Where in the material does the word "Chen" appear? Copy each line that has it.
******************************
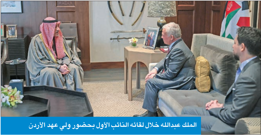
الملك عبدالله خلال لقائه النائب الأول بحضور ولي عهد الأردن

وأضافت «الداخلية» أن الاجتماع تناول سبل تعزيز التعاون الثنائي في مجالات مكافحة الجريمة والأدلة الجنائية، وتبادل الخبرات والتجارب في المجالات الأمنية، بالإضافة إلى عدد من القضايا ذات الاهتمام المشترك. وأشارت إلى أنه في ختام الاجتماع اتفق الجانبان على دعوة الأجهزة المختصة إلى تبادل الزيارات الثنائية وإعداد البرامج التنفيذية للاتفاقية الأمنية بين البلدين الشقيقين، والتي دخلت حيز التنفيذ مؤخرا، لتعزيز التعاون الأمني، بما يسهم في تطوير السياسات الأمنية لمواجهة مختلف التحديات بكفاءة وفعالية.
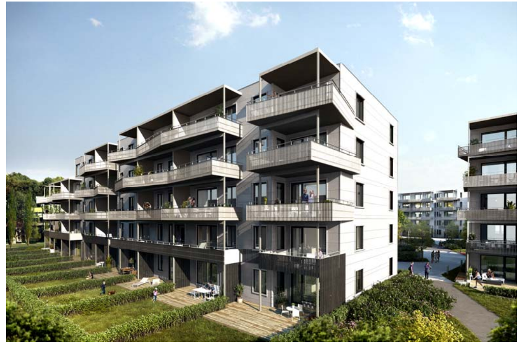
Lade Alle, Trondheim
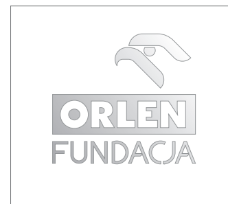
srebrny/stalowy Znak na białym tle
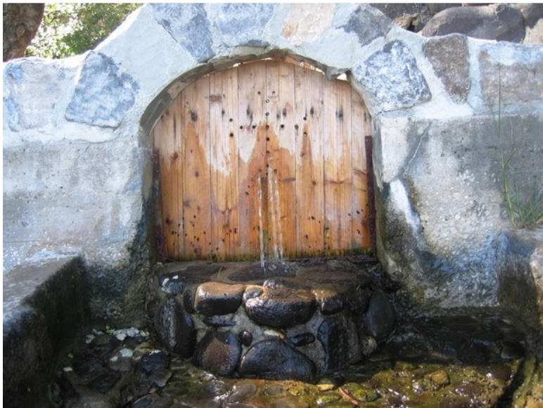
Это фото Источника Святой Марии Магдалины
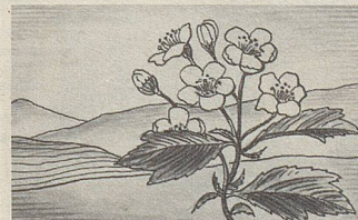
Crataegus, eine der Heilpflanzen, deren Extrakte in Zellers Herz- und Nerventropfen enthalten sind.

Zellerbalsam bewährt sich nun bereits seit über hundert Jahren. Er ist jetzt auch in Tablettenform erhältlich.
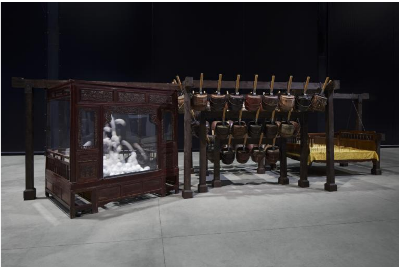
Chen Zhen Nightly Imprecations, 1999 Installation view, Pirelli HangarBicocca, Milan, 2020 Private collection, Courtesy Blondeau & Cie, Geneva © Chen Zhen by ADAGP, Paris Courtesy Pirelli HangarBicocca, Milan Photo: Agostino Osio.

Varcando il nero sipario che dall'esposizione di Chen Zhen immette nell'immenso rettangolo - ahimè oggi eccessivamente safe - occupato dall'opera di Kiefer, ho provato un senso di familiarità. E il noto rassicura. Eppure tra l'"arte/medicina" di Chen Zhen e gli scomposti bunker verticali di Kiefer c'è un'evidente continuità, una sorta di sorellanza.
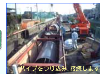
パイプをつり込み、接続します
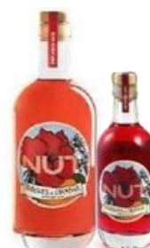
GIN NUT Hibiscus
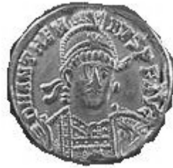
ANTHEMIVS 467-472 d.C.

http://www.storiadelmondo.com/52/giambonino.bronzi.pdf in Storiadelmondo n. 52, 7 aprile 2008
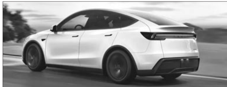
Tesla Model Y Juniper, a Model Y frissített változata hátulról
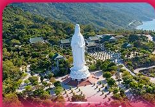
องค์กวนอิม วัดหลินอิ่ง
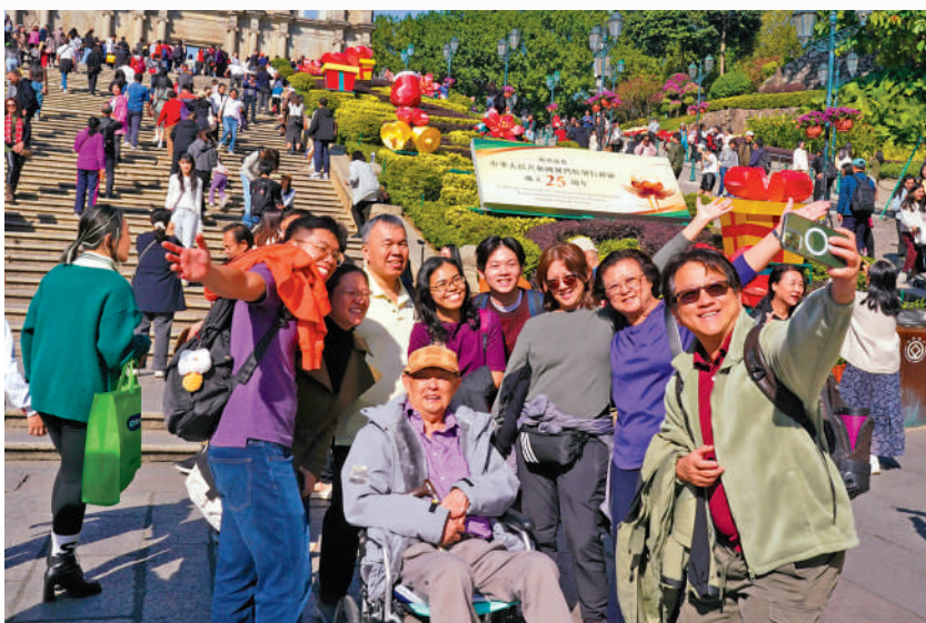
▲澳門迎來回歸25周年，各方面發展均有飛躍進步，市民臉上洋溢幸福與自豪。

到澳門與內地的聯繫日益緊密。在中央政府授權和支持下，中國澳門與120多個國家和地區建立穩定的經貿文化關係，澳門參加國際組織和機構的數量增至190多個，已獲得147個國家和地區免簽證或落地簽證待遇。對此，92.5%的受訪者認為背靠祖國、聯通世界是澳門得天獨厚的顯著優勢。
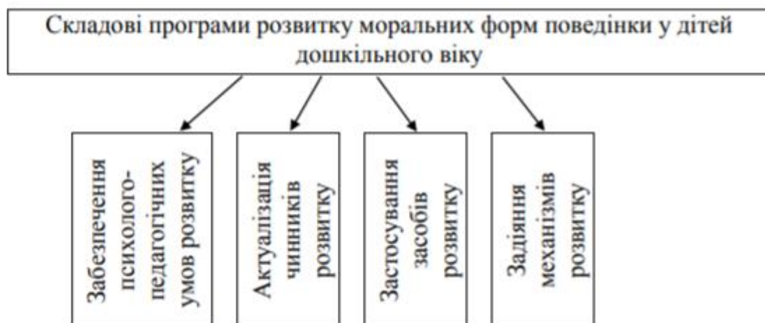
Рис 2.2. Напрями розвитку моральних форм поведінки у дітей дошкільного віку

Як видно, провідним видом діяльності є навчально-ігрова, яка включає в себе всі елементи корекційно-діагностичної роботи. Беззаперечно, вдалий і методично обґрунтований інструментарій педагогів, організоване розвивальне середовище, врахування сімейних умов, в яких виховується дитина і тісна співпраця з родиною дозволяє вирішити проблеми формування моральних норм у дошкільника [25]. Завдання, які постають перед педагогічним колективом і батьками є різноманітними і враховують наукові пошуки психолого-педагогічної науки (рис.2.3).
******************************
◆ SOLUTION TO THE PROBLEM
Chen Zhen Nightly Imprecations, 1999 Installation view, Pirelli HangarBicocca, Milan, 2020 Private collection, Courtesy Blondeau & Cie, Geneva © Chen Zhen by ADAGP, Paris Courtesy Pirelli HangarBicocca, Milan Photo: Agostino Osio.
Varcando il nero sipario che dall'esposizione di Chen Zhen immette nell'immenso rettangolo - ahimè oggi eccessivamente safe - occupato dall'opera di Kiefer, ho provato un senso di familiarità. E il noto rassicura. Eppure tra l'"arte/medicina" di Chen Zhen e gli scomposti bunker verticali di Kiefer c'è un'evidente continuità, una sorta di sorellanza.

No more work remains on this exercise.